My Experience With Various Cross-Platform App Development

Phonegap

My journey into Cross-Platform app development had started back in 2015 with Phonegap. I was delighted to be able to develop apps just using Javascript, HTML and CSS. I even built one and shipped it to Google Play Store. It was quick and easy. But later as I wanted to add some Native features to it, I realized it would have me go bald for sure. I realized it was just a WebView and I am completely restricted from the native hardware. So, I quit pursuing Phonegap development.

Xamarin

After a few years, I was again delighted when Xamarin became freely available in Visual Studio. Coming from a .NET background, I immediately dived into it. It was definitely a lot better than Phonegap but definitely not as easy as I had expected just because it was .NET. It had it’s own platform specific libraries that I needed to master. I would have given time to master those, however, there was this another big issue with Xamarin.
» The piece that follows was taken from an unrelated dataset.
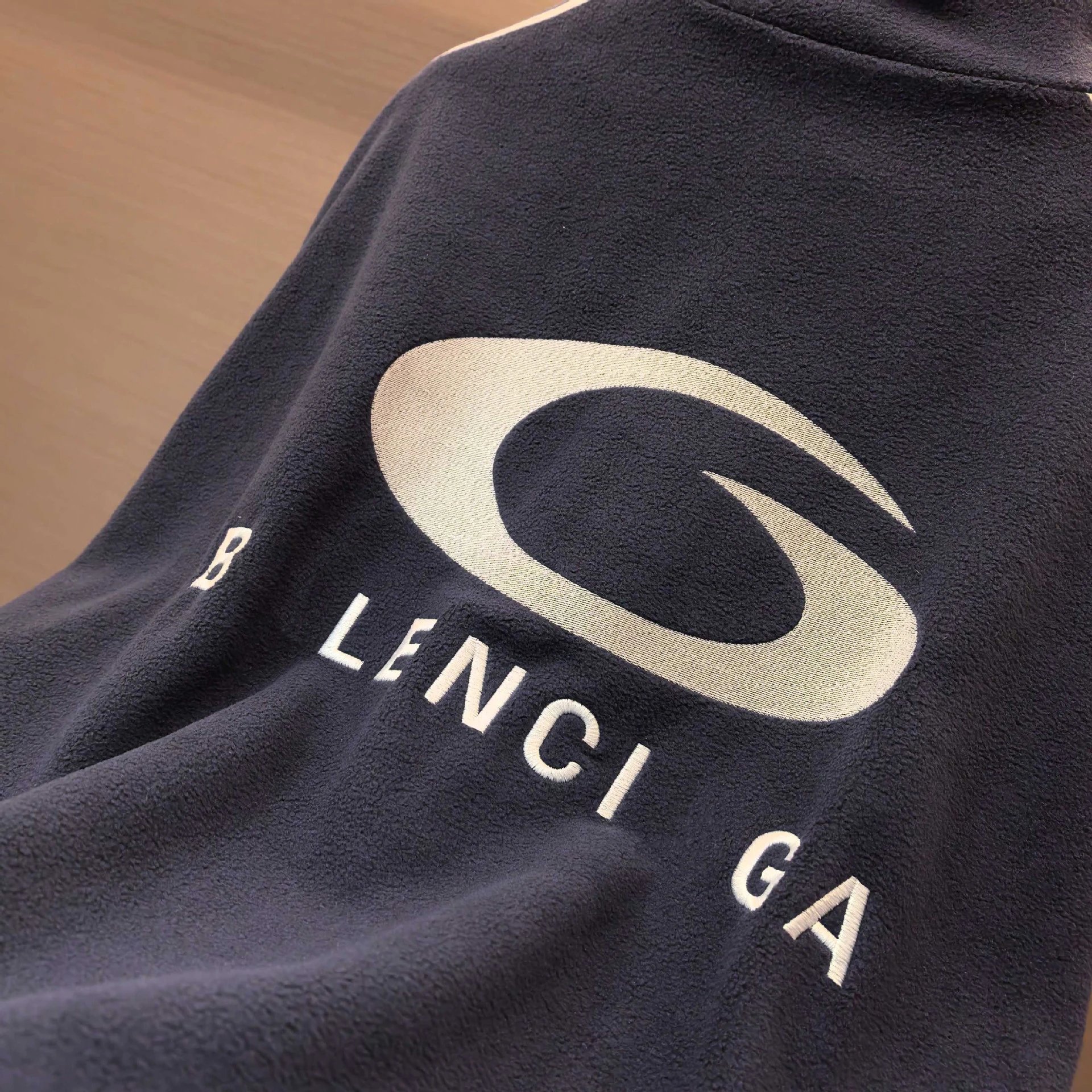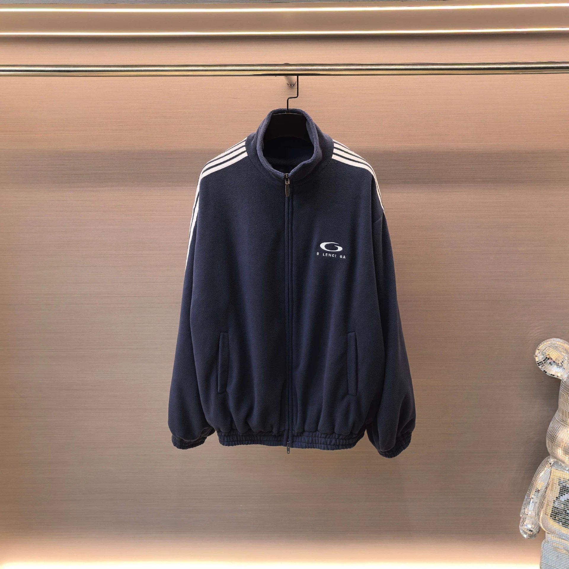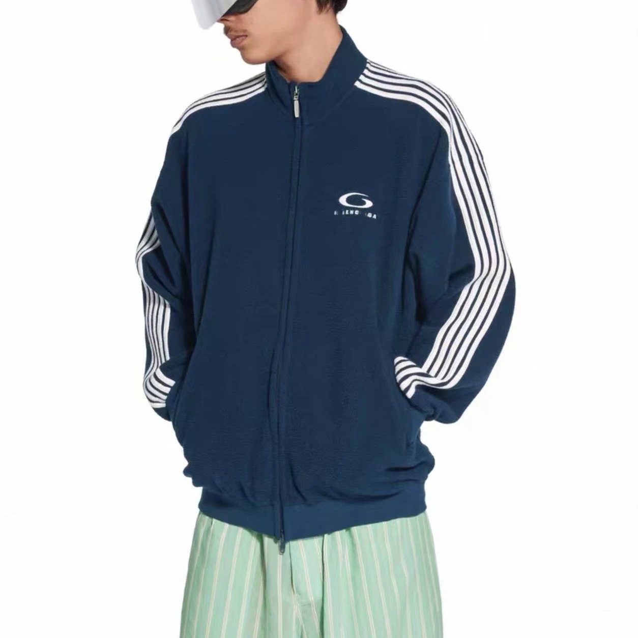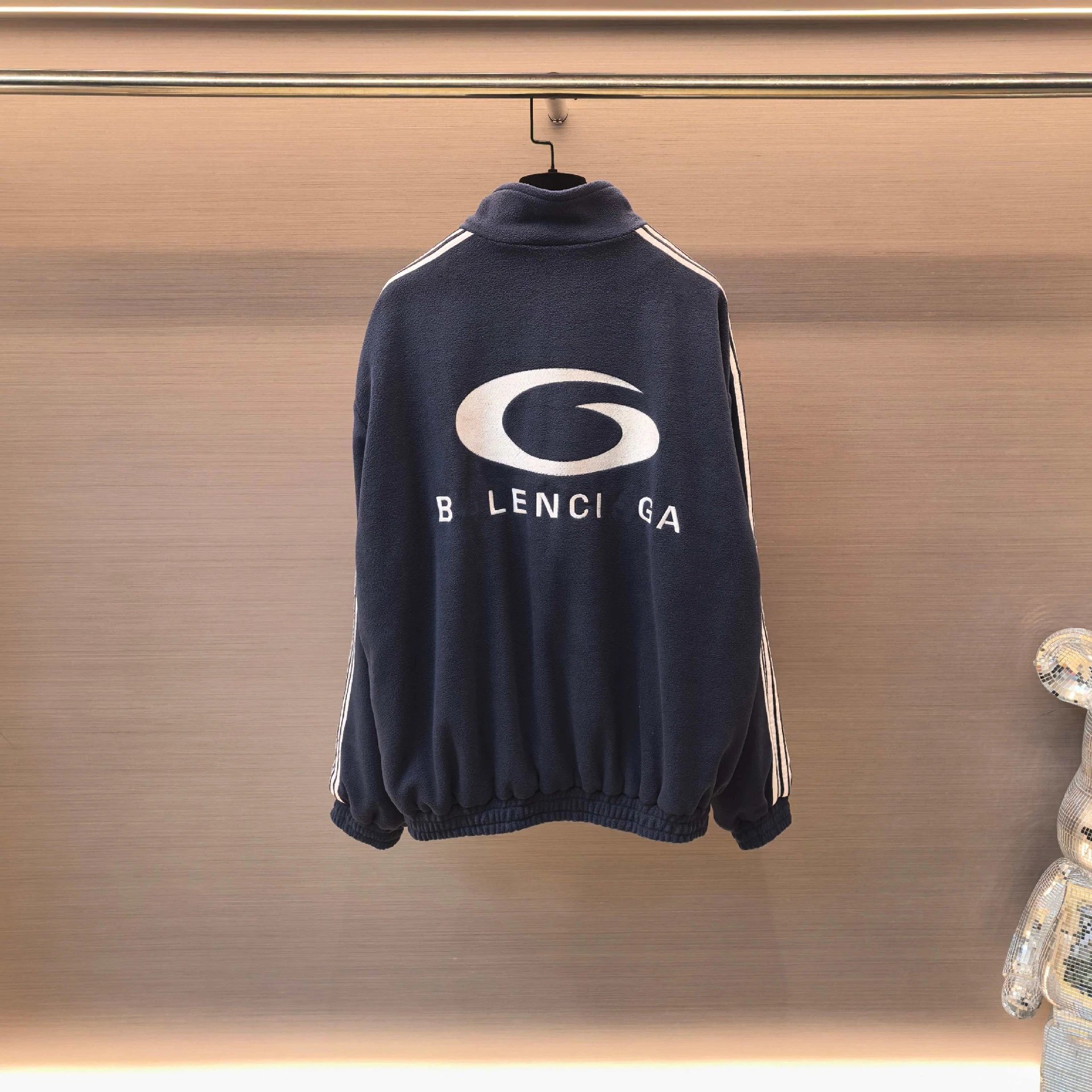 巴黎B家网红款字母刺绣五条杠颗粒绒立领校服夹克外套

Just simple package downloads or updates from Nuget would explode and blow up my projects and they would stop building. Even though I tried to stick with it, I couldn’t find much resources/community around it. And that was the end of Xamarin for me.

Ionic

By this time around, Ionic 2 was already in the market so I decided to take my chances with it. Again, I could use Javascript, HTML and CSS to build apps with it. I was happy again. I could build apps rapidly again, but there was just this another problem of generating the APK builds. While with Xamarin, I could easily generate builds with Visual Studio, with this Ionic, my Command Prompt wouldn’t listen to me at all! No matter what I installed, I could never have the right kind of Environment to generate the apk.

I believe I had all the necessary setup in my machine like Android SDKs and Gradle, but I kept facing different issues when I tried building for Android. I had written my app in just a few days but couldn’t get it to build even after trying for 4 days. And that was it for me with Ionic.
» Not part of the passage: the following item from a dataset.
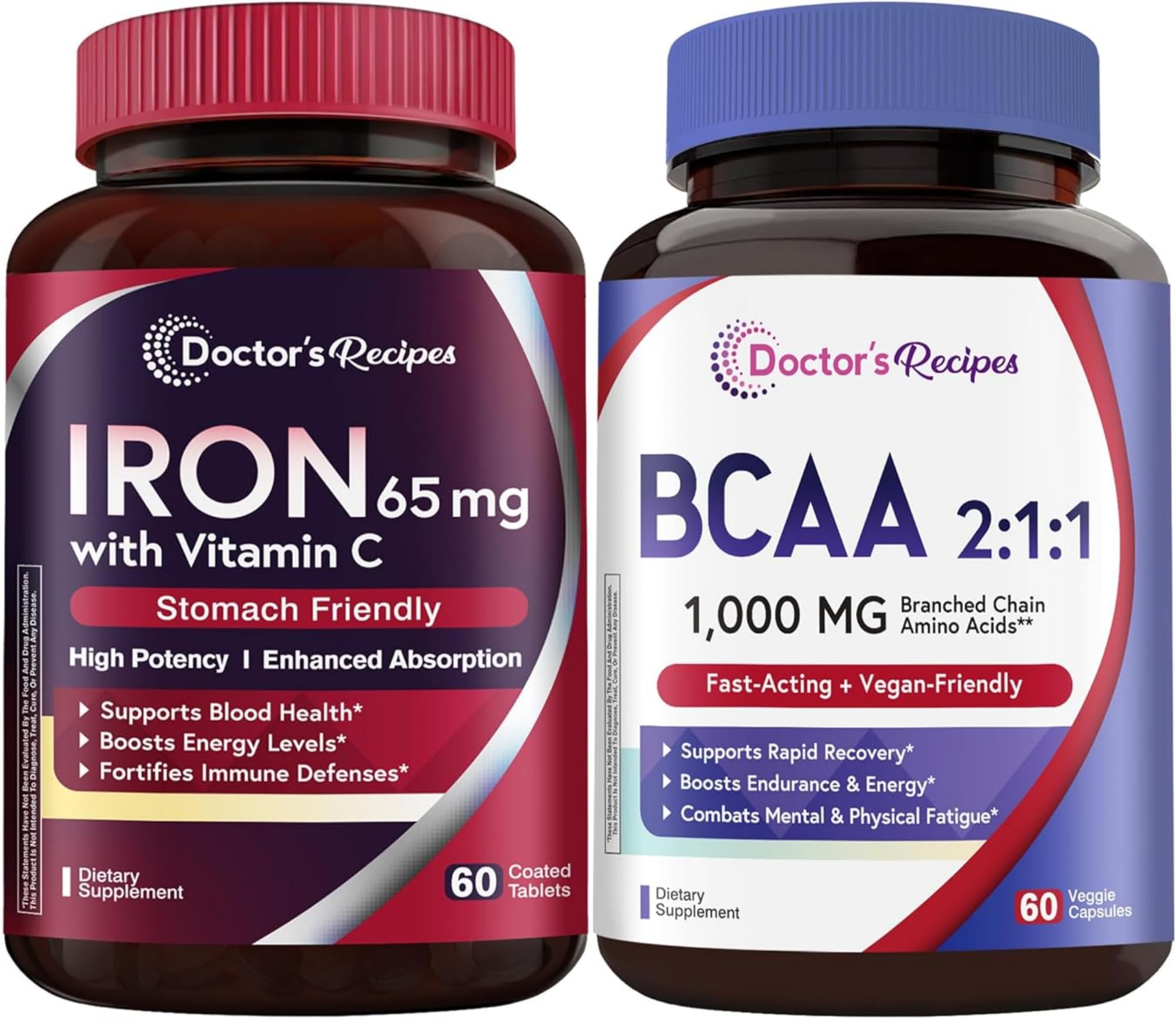 Doctor's Recipes Iron + BCAA Bundle Iron 65 mg with Vitamin C for Absorption & Red Blood Cell Support + 2:1:1 BCAA for Energy Endurance & Faster Recovery Vegan Non-GMO Daily Wellness Pack

One good thing I got from Ionic though was I got to learn Angular which I absolutely love.

NativeScript

After that I also tried NativeScript but again I had similar issues as that of Ionic. I didn’t even write a single line of code on it because I couldn’t setup my environment for it.

React Native

No experience here. But from what I have read, I would need to learn React first then move onto React native. Plus it has it’s own learning curves.

Native Android

After pursuing all these frameworks and platforms, I realized that if I had actually picked up Android Native development platform back in 2015, I would have been at least quite proficient with it by now. So, I decided to give it a try. I mean I can already code in C#, how hard would JAVA be?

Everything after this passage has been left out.